Conductive organic materials such as graphite and graphene are of great interest in the production of energy storage devices and organic sensors due to their excellent electronic properties. The demand for high performance electronic devices has furthered the need for conductive materials with complex architectures. Additive manufacturing technologies, such as Stereolithography (SLA), have helped enable the production of conductive components with architectures not achievable through conventional manufacturing methods. However, there are some drawbacks to contemporary methods and materials, including the need for 3D printable composite resins with high percentages of carbon-based filler to achieve conductivity. This requirement makes SLA 3D printing challenging since the fillers hinder the photocuring process. Additionally, the presence of the fillers can produce defects throughout the matrix due to poor dispersion.

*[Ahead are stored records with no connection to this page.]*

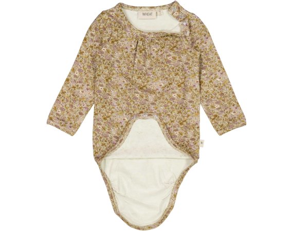 Bodyen har lange ærmer og fint rynk i halsudskæring. Den faste ribkanter i alle åbninger og lukkes med trykknapper på venstre skulder og mellem ben.
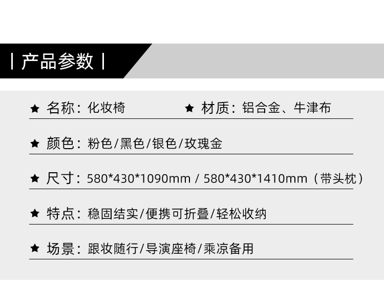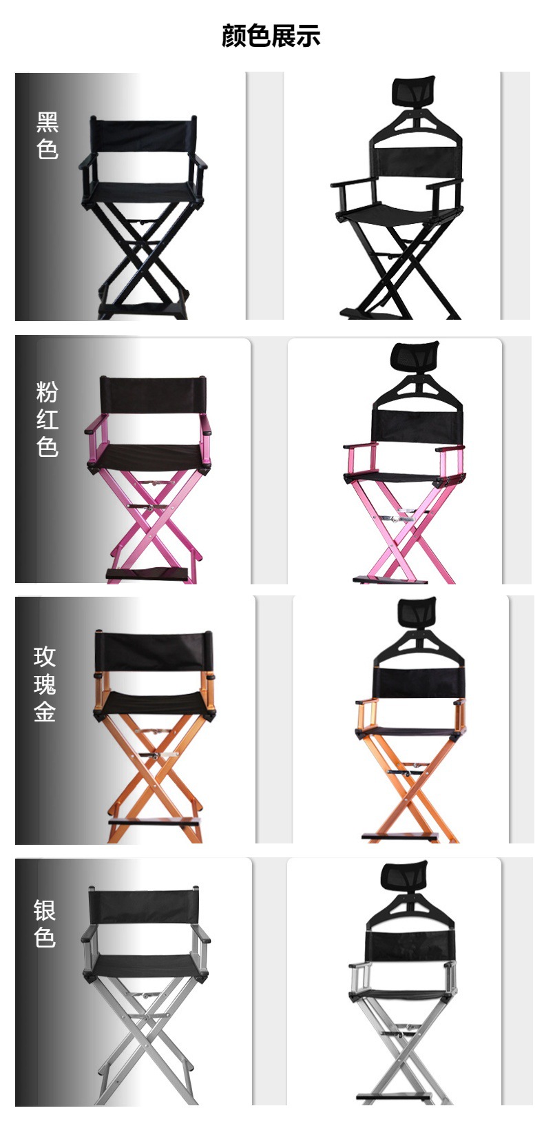 머리 받침대가 있는 전문 메이크업 의자, 인터넷 연예인 의자, 야외 접이식 감독 의자, 알루미늄 합금 사진 스튜디오 메이크업 아티스트 의자
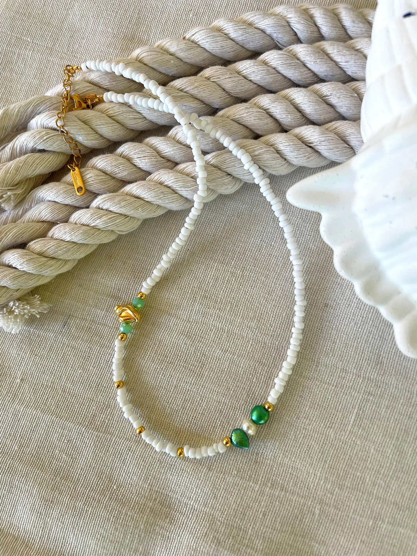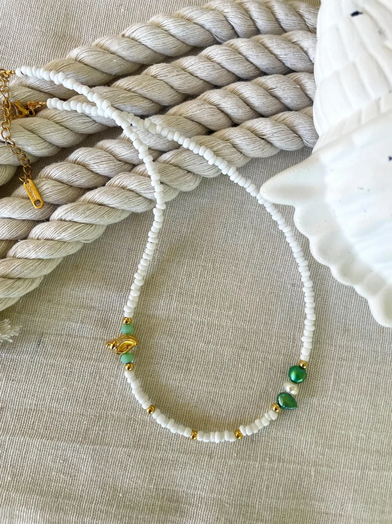 Χειροποίητο κολιέ καλοκαιρινό με χάντρες, μαργαριτάρια γλυκού νερού.
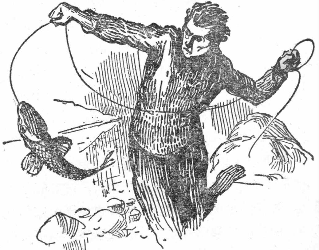 中午,汉斯用线系了一个鱼钩,鱼钩上挂着一小块肉作为诱饵,扔进了海水中。两个小时内,他毫无收获。难道这海水中没有原始居民存在吗?不,鱼线猛地跳动了一下。汉斯迅速收线,拉起一条正在挣扎的鱼。
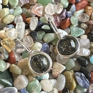 Elegant Alquimia earrings with a silver finish. Features a striking black stone centerpiece. Perfect for any occasion.
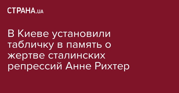 В Киеве активисты установили мемориальную табличку, посвященную репрессированной киевлянке Анне Рихтер. Табличка должна напоминать о всех жертвах сталинских репрессий.
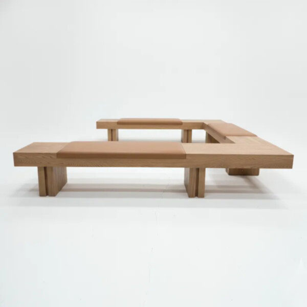 厚實木框自由勾勒直角組合,這款轉角 長凳專為玄關、大客廳與公共休憩區而生。局部鋪上皮革軟墊,坐感舒適又保留大片木質平台,方便放置包包與物品。貼牆擺放即可自然形成聊天角落或等候區,讓原本空白的邊角成為最有人氣的所在。
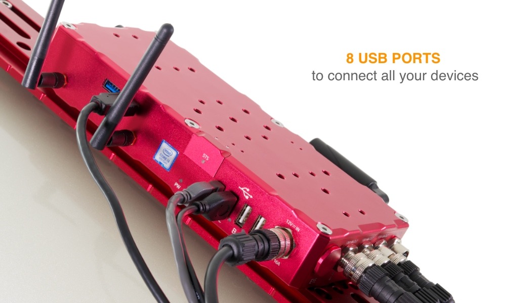 Intel’s 8e generatie i3-processor met een TDP van slechts 15 W en 4 MB cache biedt prestaties van desktopklasse bij een laag stroomverbruik. De EAGLE4 S van PrimaLuceLab biedt drie USB 3.1 type A-poorten met gegevensoverdrachtssnelheden tot 10 Gbps; één USB type C / Thunderbolt 3-poort met gegevensoverdrachtssnelheden tot 40 Gbps, evenals vijf USB 2.0-poorten, twee HDMI 2.0a-poorten, een Gigabit LAN-poort en Wireless 802.11ac.
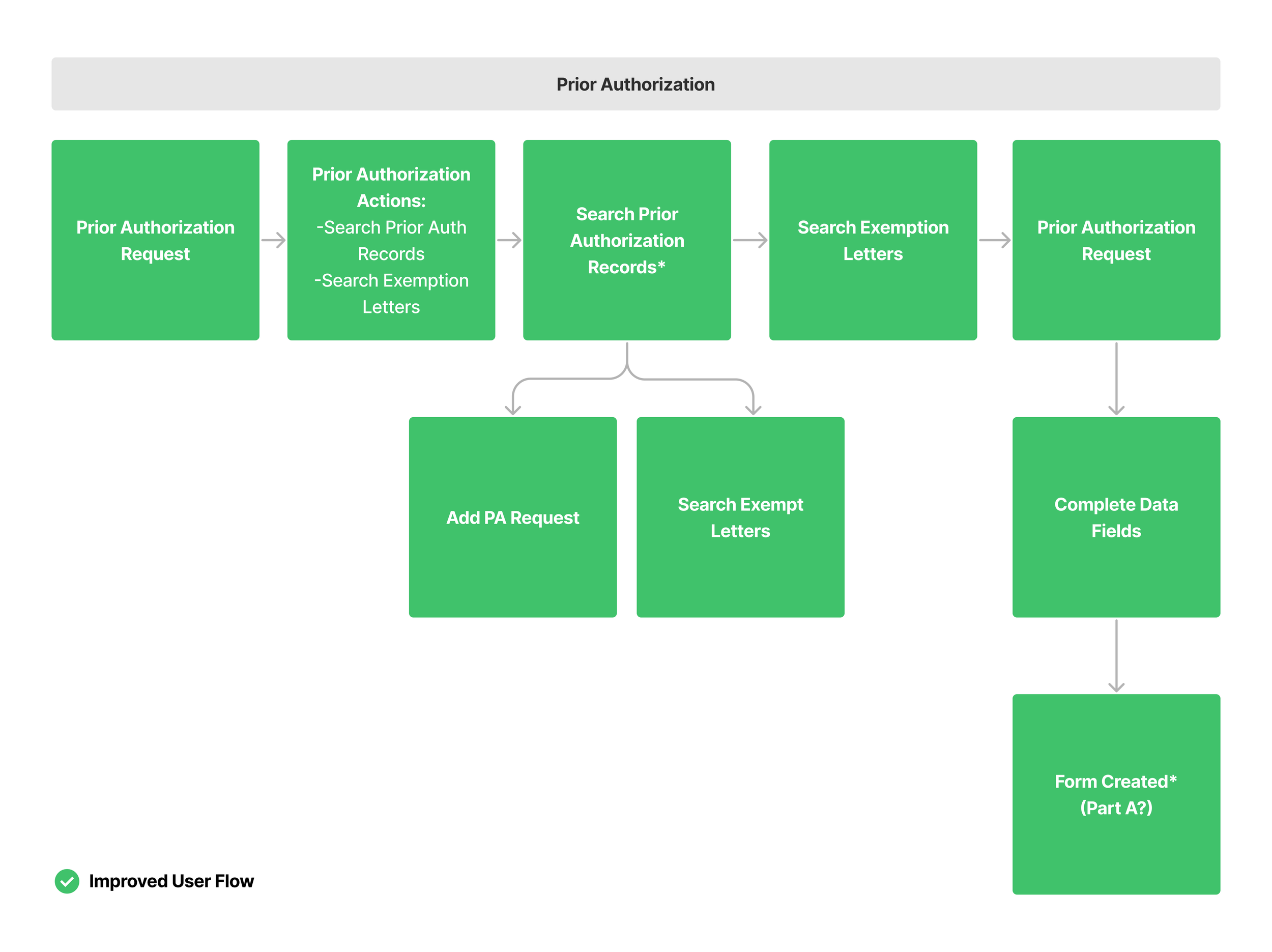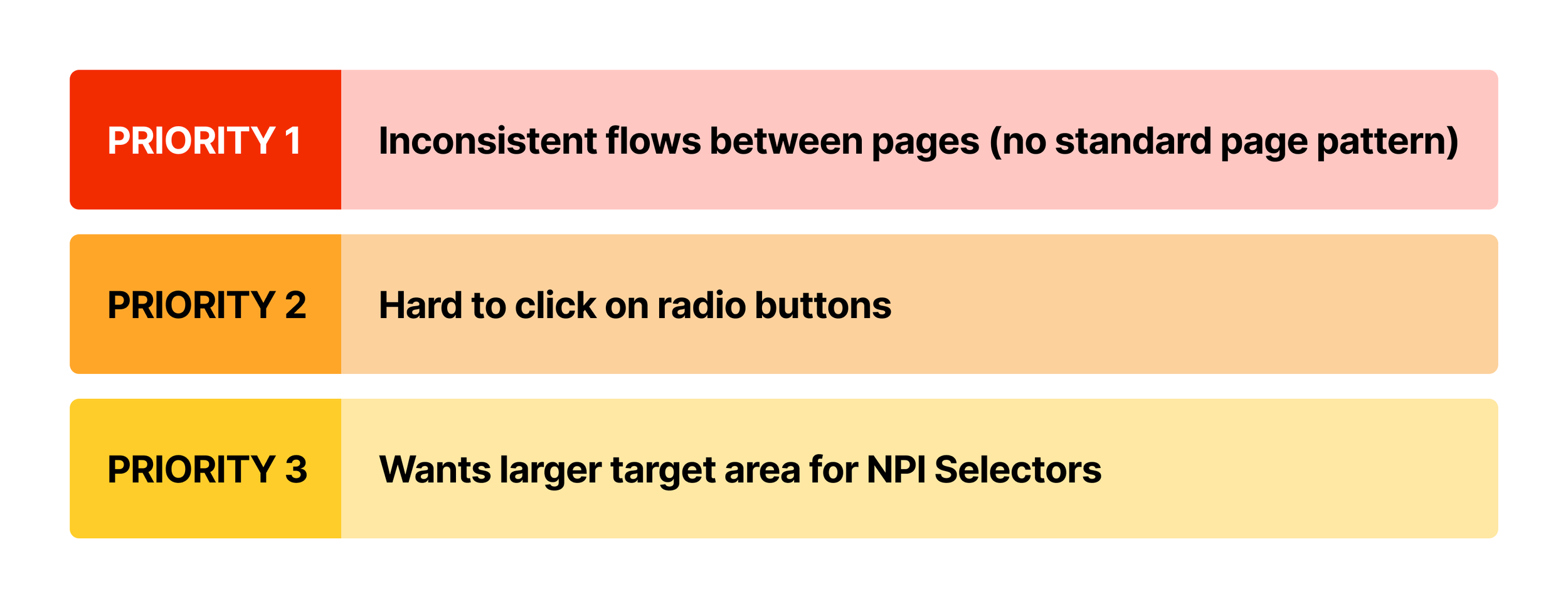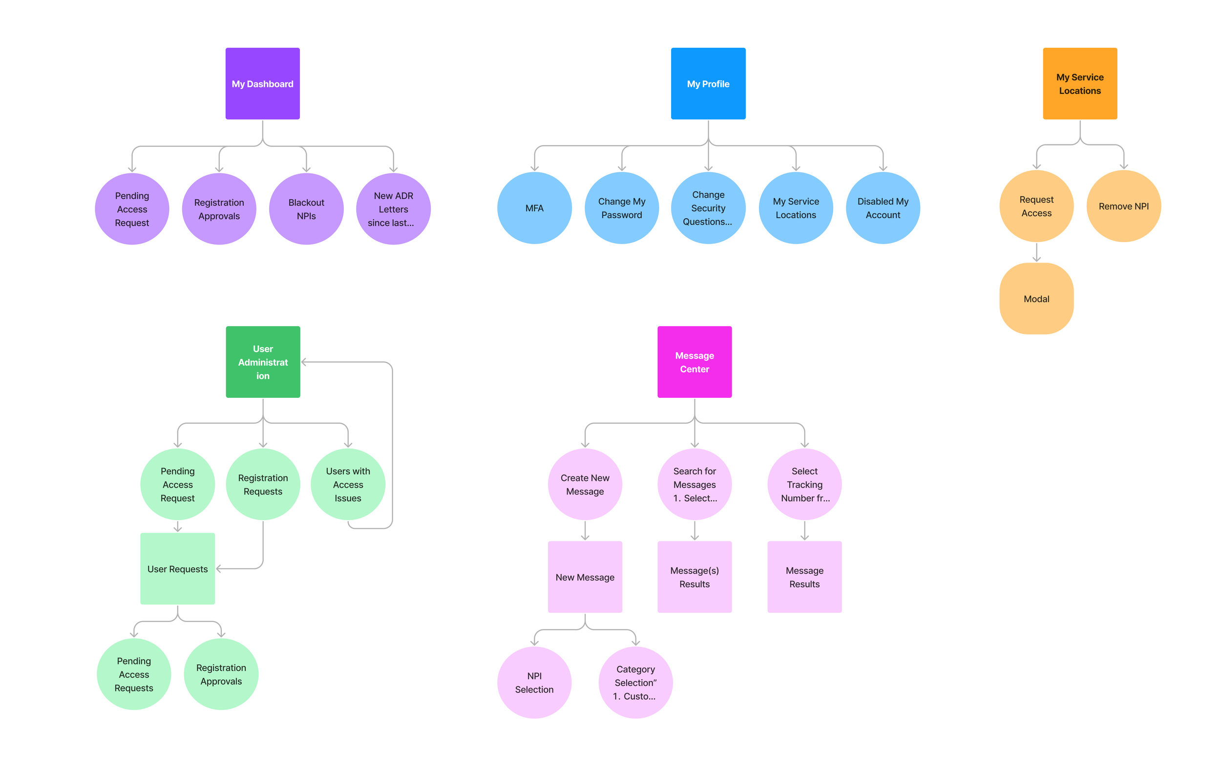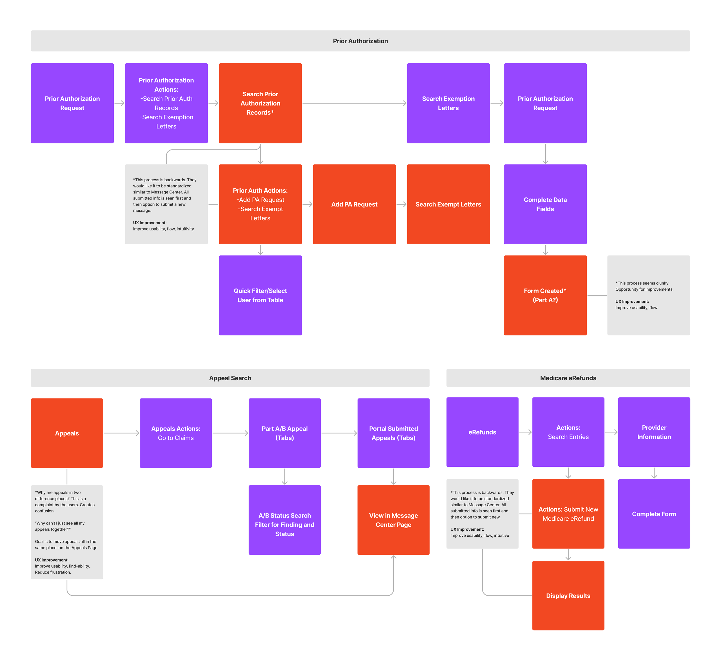 We mapped out task flows from the legacy portal to identify friction points within each workflow, focusing on tasks users needed to perform within the portal. We then compiled the major friction points from these workflows and cross-referenced them with internal user feedback from surveys and other collected data. Finally, I worked with the business analyst to prioritize these pain points, creating a clear, business-driven roadmap for improvement.
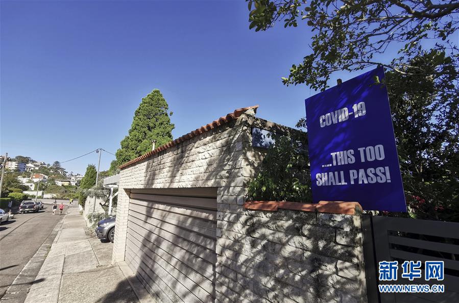 這是4月4日在澳大利亞悉尼費(fèi)爾萊特社區(qū)拍攝的標(biāo)語牌。
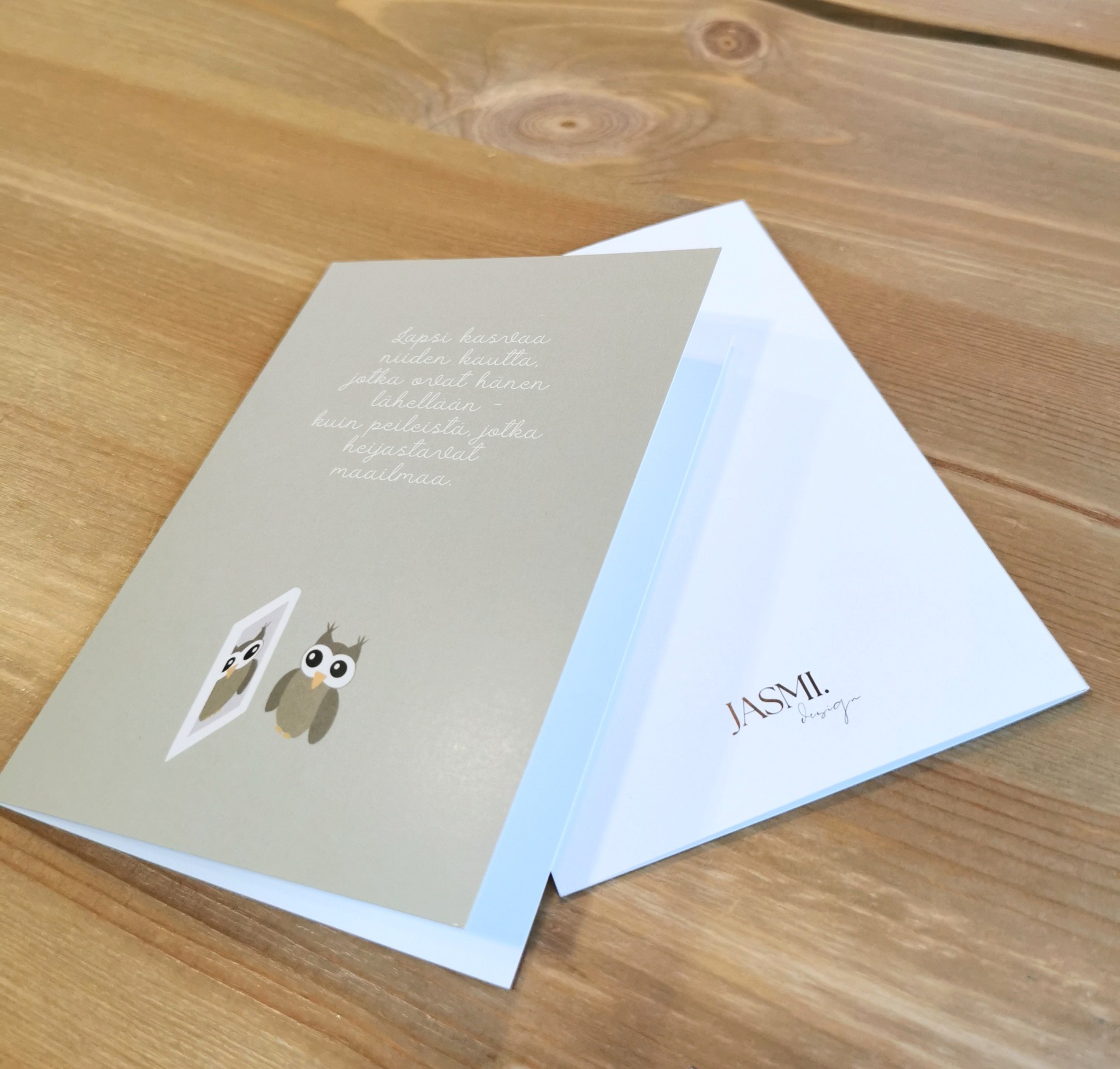 Kaunis ja ajatuksellinen kortti kummiksi kysymiseen tai vauvan syntymän juhlistamiseen. Kortin etupuolella seisoo pieni pöllö katsomassa omaa kuvaansa peilistä, ja teksti muistuttaa siitä, miten lapsi kasvaa ihmisten kautta, jotka ovat hänen lähellään. Herkkä ja merkityksellinen viesti, joka sopii täydellisesti korttiin, jolla haluat pyytää jonkun tärkeän ihmisen lapsesi rinnalle kulkemaan.
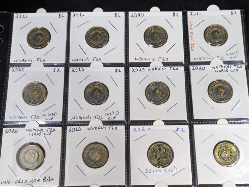 TWENTY AUSTRALIAN TWO DOLLAR COINSCoins Include 2020 Womens T20 World Cup, 2022 Socceroos, 2024 Australian Olympic Team, 2019 Wallabies Australia, EtcConditions Range From Approx: F - Ef584893+32
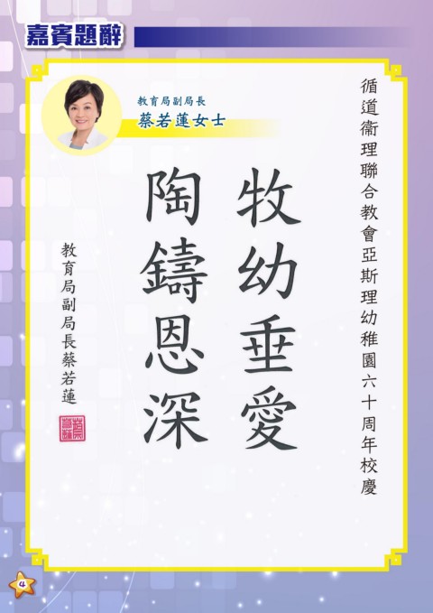 嘉賓題辭 循道衞理聯合教會亞斯理幼稚園六十周年校慶 教育局副局長 蔡若蓮女士 4

To circumvent these drawbacks, LLNL researchers developed a nitrile-containing photopolymer resin capable of graphitization via a thermally induced chemical transformation. The researchers were inspired by polyacrylonitrile (PAN), a precursor to the production of conductive carbon-fibers due to its ability to be graphitized in high yield. However, PAN is very difficult to process, thus limiting its commercial utility to solution-spun fibers and films.
LLNL’s invention is a photopolymerizable polymer resin that consists of one or more nitrile-functional based polymers. The resin is formulated for SLA based 3D printing allowing for the production of nitrile-containing polymer components that can then be thermally processed into a conductive, highly graphitic materials. The novelty of the invention lies in (1) the photo-curable nitrile-containing polymer resin formulation and (2) the ability to 3D print the resin into nitrile-containing polymers capable of undergoing thermal cure into conductive graphitic materials.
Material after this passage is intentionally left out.